Perché ogni storia fantastica che si rispetti non può che partire da una scoperta quasi sconvolgente, contraria al presunto ordine naturale delle cose. Quella di Maura non fu certo da meno. Si narrava, infatti, che all’interno della lussuosa abitazione, situata in contrada Camuti e significativamente conosciuta come Chianu a Maura, giacesse la misteriosa Pietra della Poesia, capace di instillare, con la sua sola vicinanza, soavi versificazioni nell’animo dei poeti. Della sua presunta presenza, oggi, non resta che qualche rudere scomposto: ma è proprio attorno ad essi che Maura e tanti altri suoi sodali erano soliti darsi appuntamento per dare vita a delle vere e proprie sessioni performative, fatte di tragicomiche declamazioni e di geniali improvvisazioni. Tutto, rigorosamente, sulla falsariga della poesia in siciliano. Persino nei secoli successivi, fino addirittura alla metà del ‘900, generazioni di poeti, improvvisandosi quasi pellegrini dell’arte, approdavano nelle campagne di Mineo per lasciare che quell’atmosfera magica sussurrasse loro qualcosa da tradurre in rima.

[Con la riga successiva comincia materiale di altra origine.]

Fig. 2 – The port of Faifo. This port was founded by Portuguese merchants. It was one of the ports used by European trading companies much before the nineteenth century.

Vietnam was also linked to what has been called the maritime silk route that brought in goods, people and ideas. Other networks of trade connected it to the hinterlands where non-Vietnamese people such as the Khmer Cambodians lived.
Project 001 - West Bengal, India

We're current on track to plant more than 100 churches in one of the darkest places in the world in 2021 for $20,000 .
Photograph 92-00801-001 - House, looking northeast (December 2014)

Basterebbe già questa notazione, probabilmente, per fare di Maura una sorta di vate mistico della lirica isolana, uno spirito aleggiante legato alla sua pietra, un protettore dei talenti emergenti.

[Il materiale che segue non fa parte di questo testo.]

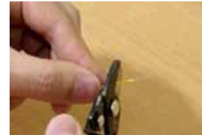
Strip 10mm of buffer using the small hole on the stripper
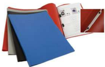
SVS SOFTY CLIP FILE

Fermarsi a questo, tuttavia, equivarrebbe a grattare soltanto la superficie di un fondale dipinto a motivi ariosteschi. Paolo Maura, d’altro canto, non fu solo un poeta, ma un cavaliere di cui vale la pena cantare “l’arme, gli amor, le cortesie e l’audaci imprese”. La sua giovinezza, in un senso e nell’altro, fu sconvolta dall’incontro con la giovane figlia della potente e spietata famiglia dei Maniscalco. Il loro amore fu aspramente osteggiato: Maura venne più volte raggiunto da provvedimenti legislativi che ne causarono la prigionia in giro per l’isola, senza che questi drammatici trascorsi potessero fiaccarne la volontà. Nemmeno quando alla fanciulla fu imposta la clausura: le cronache del tempo ci riportano di un uomo infaticabile nella sua sete di amore e giustizia. Ogni giorno ed ogni notte il nostro si piazzava dinanzi al monastero, in attesa che l’amata gli concedesse anche solo una fugace occhiata. Qualcuno narra persino che i due, di tanto in tanto, riuscissero ad incontrarsi e che il Maura avesse trovato un passaggio segreto nelle fogne. Fu probabilmente questo eccessivo ardire a costargli caro: il poeta venne nuovamente incarcerato, questa volta per un periodo che non è semplice quantificare. Quando la libertà finalmente sopraggiunse, Paolo Maura non fu più l’uomo che era stato: costretto probabilmente dall’ultimatum dei Maniscalco a sposare un’altra donna, visse la seconda parte della sua esistenza tormentato da una sottile inquietudine. I versi taglienti e brillanti con cui si dilettava a schernire satiricamente i difetti e i paradossi della società del suo tempo lasciarono il posto a sommesse riflessioni moraleggianti. L’amore impetuoso che lo aveva mosso in precedenza si trasformò in una grigia consuetudine. L’agiatezza agreste che aveva contribuito a formarne l’audacia poetica si sgretolò una volta constatato che, in sua assenza, quei terreni erano stati condotti alla rovina. Emblema della sua condizione emotiva sono i componimenti scritti nel 1693, all’indomani del devastante terremoto che mise in ginocchio il Val di Noto: un concentrato di terrore e senso dell’effimero. Da cui emergono gli ultimi guizzi di spirito battagliero, rivolti ai meschini avvoltoi che approfittarono di quella disgrazia per arricchirsi con gli appalti delle ricostruzioni.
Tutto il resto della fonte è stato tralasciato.